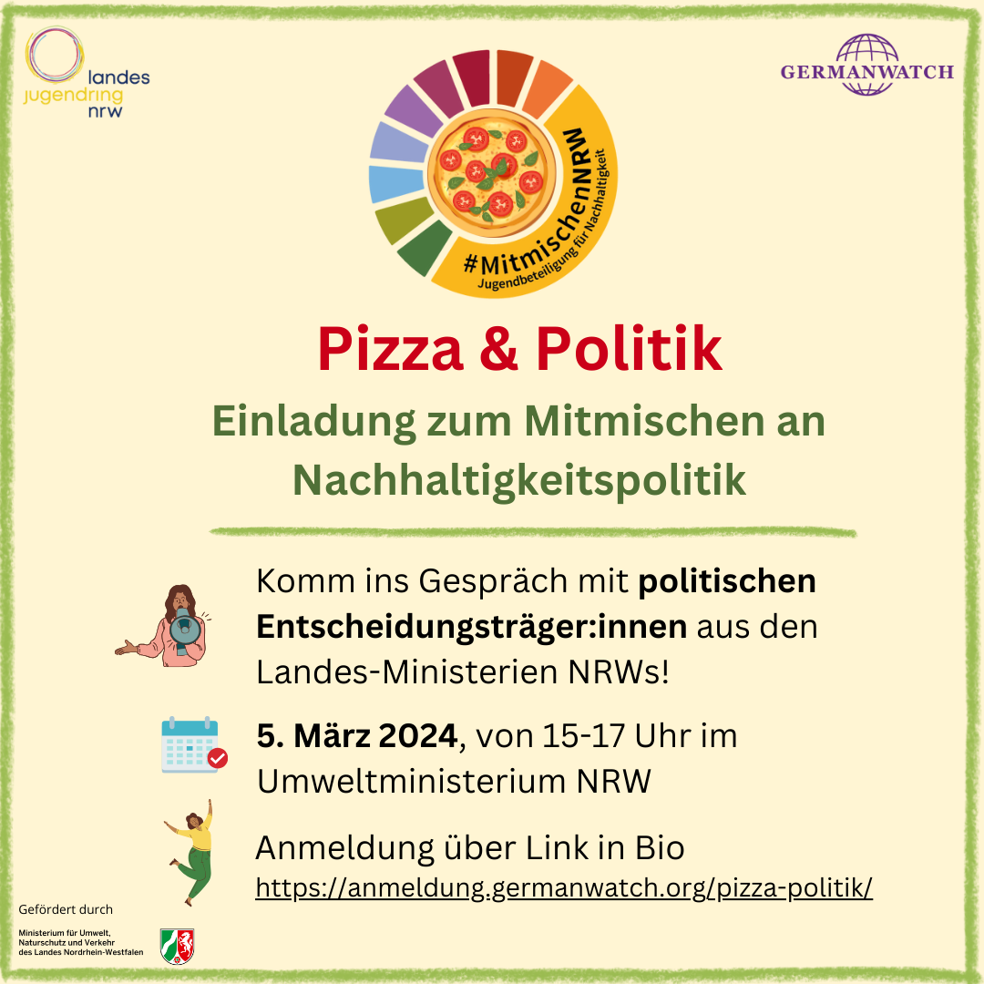 | Am 5. März von 15-17 Uhr bekommen junge Menschen in Düsseldorf die Möglichkeit sich mit Vertreter:innen aus allen Ministerien NRWs auszutauschen. Wenn ihr junge Menschen kennt, die für nachhaltige Themen brennen und ihre Ideen an die Menschen tragen wollen, die in den Ministerien für die Umsetzung zuständig sind, dann sind sie bei „Pizza & Politik“ genau richtig! Hier können sie mit politischen Entscheidungsträger:innen aus NRW über ihre Herzensthemen diskutieren und für eine gute und gerechte Zukunft einstehen. Leitet die Information zur Veranstaltung von #MitmischenNRW gerne an junge Menschen in eurem Umfeld weiter. |
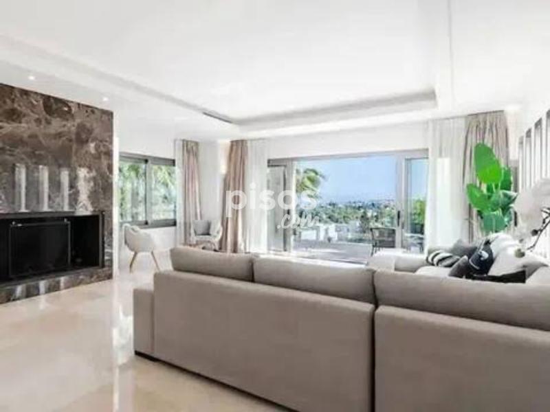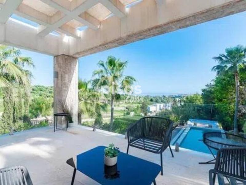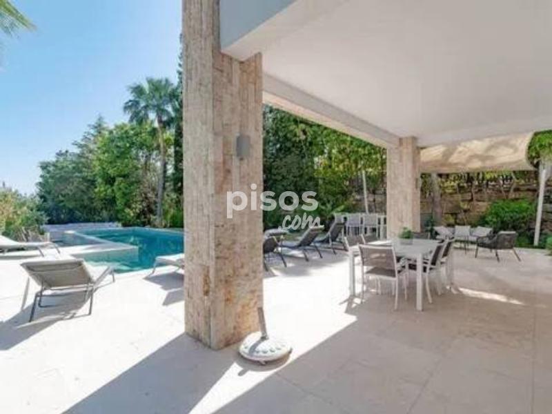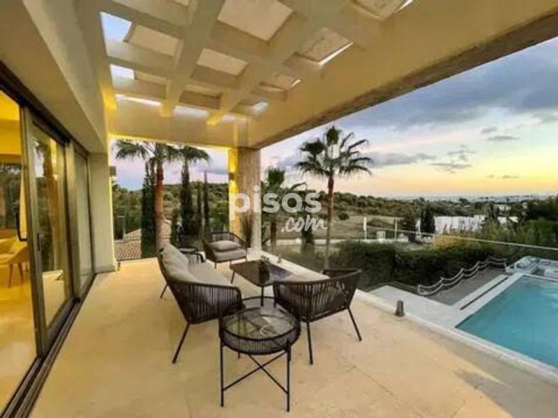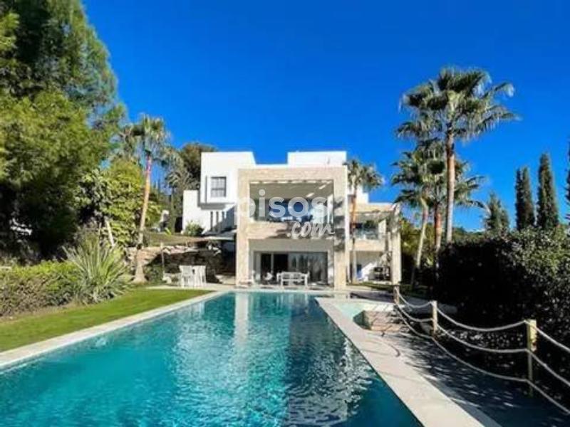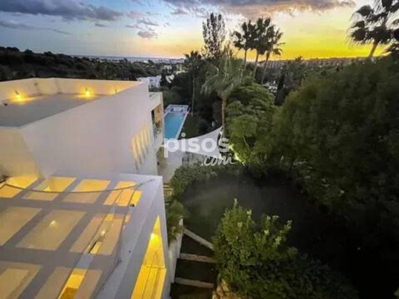 Exclusiva Villa de Lujo con Vistas al Mar en un Entorno Privilegiado de la Costa del Sol Descubre esta magnífica villa de diseño abierto, una joya arquitectónica que combina a la perfección lujo, privacidad y confort. Situada en una de las zonas más demandadas y con mayor crecimiento económico de la Costa del Sol, esta propiedad es ideal tanto para quienes buscan una inversión sólida como para familias con niños, gracias a la excelente calidad de los colegios de la zona. La planta baja de la villa se integra armoniosamente con la terraza y el exuberante jardín, ofreciendo preciosas vistas al mar y una impresionante piscina infinita. Junto a ella, una acogedora zona de relax con chimenea te invita a disfrutar de momentos inolvidables. La villa cuenta con dormitorios en suite en cada planta, garantizando la máxima privacidad para todos sus residentes. Esta urbanización privada ofrece seguridad 24 horas, y la villa incorpora la última tecnología para tu tranquilidad y comodidad. Además, pensando en la sostenibilidad, dispone de paneles solares en el techo. La vivienda se entrega completamente amueblada y lista para entrar a vivir. Distribuida en tres plantas conectadas por una escalera interior y un práctico ascensor, la villa ofrece espacios generosos y bien distribuidos: La planta semisótano alberga un amplio y luminoso salón con acceso al jardín y una piscina de 60m² con zona chill-out, un lujoso spa-sauna, cuarto de instalaciones, aseo de caldera, dos dormitorios en suite y un porche. La planta baja dispone de un elegante recibidor, cocina abierta, salón con porche, un dormitorio con baño en suite y vestidor, y una terraza con pérgola accesible también desde la cocina. Además, cuenta con acceso directo a un garaje integrado para dos coches. La planta semi-alta está dedicada a un espacioso dormitorio principal con un gran vestidor, baño privado y una terraza privada de 44 m². La planta superior completa la vivienda con un luminoso dormitorio con baño en suite y terraza. Para encontrar las propiedades más exclusivas en esta próspera región, confía en los expertos. Newbery Real Estate es la agencia con más experiencia en la Costa del Sol, garantizando un asesoramiento inigualable. ¡No pierdas la oportunidad de vivir en el paraíso! Contacta hoy mismo con Newbery Real Estate para concertar una visita y descubrir la villa de tus sueños.
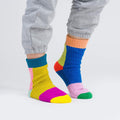 These unisex fleece-lined knit slipper socks are the best of both worlds! The easy fit of socks meets the plush comfort of house slippers. Mismatched, unexpected color combos on each foot will keep you cozy (and bright) indoors.
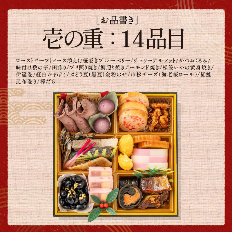 ローストビーフ(ソース添え)、笹巻きブルーベリー、チェリーアルメット、かつおくるみ、田作り、ブリ照り焼き、鯛照り焼きアーモンド焼き、はじかみ、松笠いかの黄身焼き、伊達巻、紅白かまぼこ、ぶどう豆(黒豆)金粉のせ、市松チーズ(海老桜ロール)、紅鮭昆布巻き、棒だら
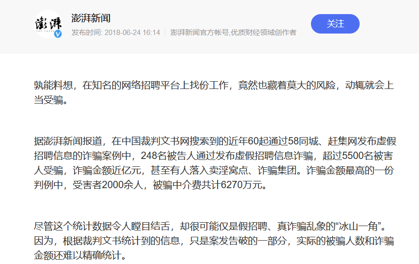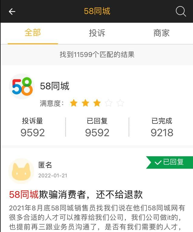 值得注意的是,这并不是58同城第一次因为虚假消息而陷入争议。一直以来,58同城因平台信息虚假持续被消费者投诉,黑猫投诉平台上关于58同城的投诉高达11599条,据澎湃新闻报道,仅2018年上半年就有近60起关于58同城和赶集网虚假招聘诈骗的案例。这些案例中受骗者超5500人,诈骗金额近亿元。

━━━━━━━━━━━━━━━━━━━━━━━━━━━━━━

Work item:
Ignoring the pictures, write out word for word the lines from the line containing "These unisex fleece-lined" through the end of the material above.

Expected output:
 These unisex fleece-lined knit slipper socks are the best of both worlds! The easy fit of socks meets the plush comfort of house slippers. Mismatched, unexpected color combos on each foot will keep you cozy (and bright) indoors.
 ローストビーフ(ソース添え)、笹巻きブルーベリー、チェリーアルメット、かつおくるみ、田作り、ブリ照り焼き、鯛照り焼きアーモンド焼き、はじかみ、松笠いかの黄身焼き、伊達巻、紅白かまぼこ、ぶどう豆(黒豆)金粉のせ、市松チーズ(海老桜ロール)、紅鮭昆布巻き、棒だら
 值得注意的是,这并不是58同城第一次因为虚假消息而陷入争议。一直以来,58同城因平台信息虚假持续被消费者投诉,黑猫投诉平台上关于58同城的投诉高达11599条,据澎湃新闻报道,仅2018年上半年就有近60起关于58同城和赶集网虚假招聘诈骗的案例。这些案例中受骗者超5500人,诈骗金额近亿元。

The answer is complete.